ProNAi Therapeutics' oncology drug candidate PNT2258 has been granted Orphan Drug Designation by the US Food and Drug Administration (FDA) for the treatment of diffuse large B-cell lymphoma (DLBCL).

This is the second orphan drug designation obtained by ProNAi for PNT2258 for the treatment of DLBCL, following a similar grant by the European Commission in August 2015.

"Achieving this regulatory milestone for PNT2258 is an important advancement in our registration-oriented development plan for this cancer drug in DLBCL, a disease for which there are limited treatment options, particularly in patients who relapse or do not respond to front-line therapies." said Dr. Nick Glover, President and CEO of ProNAi.

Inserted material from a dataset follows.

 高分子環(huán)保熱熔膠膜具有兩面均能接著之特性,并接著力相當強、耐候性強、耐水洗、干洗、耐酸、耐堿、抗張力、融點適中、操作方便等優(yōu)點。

Orphan drug designation is typically granted for novel drugs or biologics that are intended to treat rare medical diseases or conditions that affect less than 200,000 people in the United States. The designation qualifies the sponsor for certain incentives including seven years of market exclusivity after a drug’s approval, tax credits for clinical research costs, and certain application fee waivers.

ProNAi has also previously received European Commission Orphan Drug Designation for PNT2258 for the treatment of patients with DLBCL.

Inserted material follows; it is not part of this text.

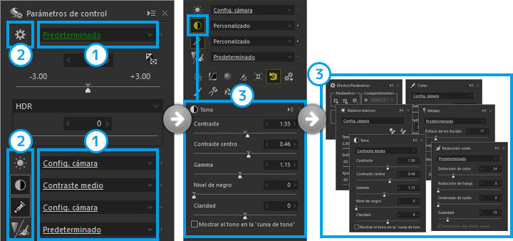Seleccionado los parámetros que han sido previamente registrados como 1. “Efectos” en los parámetros de control, sirve para hacer ajustes en la imagen. Para ajustes finos, haciendo clic en 2. “Ícono de parámetros”. se cambia cada una de las funciones en 3. “Pestaña de página”. En la pestaña de página se realiza los cambios finos utilizando principalmente el control deslizante.

In addition to a 10-year period of market exclusivity in the EU following marketing authorization, receiving orphan drug designation provides other incentives for companies, including scientific advice and protocol assistance during the product’s development phase.

About PNT2258 and DLBCL

ProNAi is actively enrolling patients in "Wolverine", a Phase 2 trial evaluating PNT2258 for the treatment of relapsed or refractory DLBCL and in "Brighton", a Phase 2 trial evaluating PNT2258 for the treatment of Richter’s transformation.

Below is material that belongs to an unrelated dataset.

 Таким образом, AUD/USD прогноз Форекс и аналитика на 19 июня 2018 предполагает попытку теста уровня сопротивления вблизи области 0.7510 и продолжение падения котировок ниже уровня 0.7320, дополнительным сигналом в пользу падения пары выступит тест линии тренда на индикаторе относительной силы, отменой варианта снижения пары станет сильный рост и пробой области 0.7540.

PNT2258 is designed to target cancers that overexpress BCL2, an important and validated oncogene known to be dysregulated in many types of cancer. BCL2 overexpression is thought to be a key driver of DLBCL, an aggressive form of cancer that is the most prevalent form of Non-Hodgkin lymphoma (NHL), comprising approximately 30% of the annual NHL diagnoses in the United States according to the Leukemia & Lymphoma Society (2013).

DLBCL affects mostly middle aged and older adults and is aggressive but potentially curable. First-line treatment of intensive combination chemotherapy involving rituximab may cure approximately 67% of patients. If this fails, second-line treatment is typically platinum-based chemotherapy along with continued rituximab.

In the event that a response is achieved with second-line treatment, patients may be given a hematopoietic stem cell transplant. If second-line treatment or the transplant fails, patients are left with few options and little hope of a curative therapy. The median survival for third-line DLBCL patients is less than a year.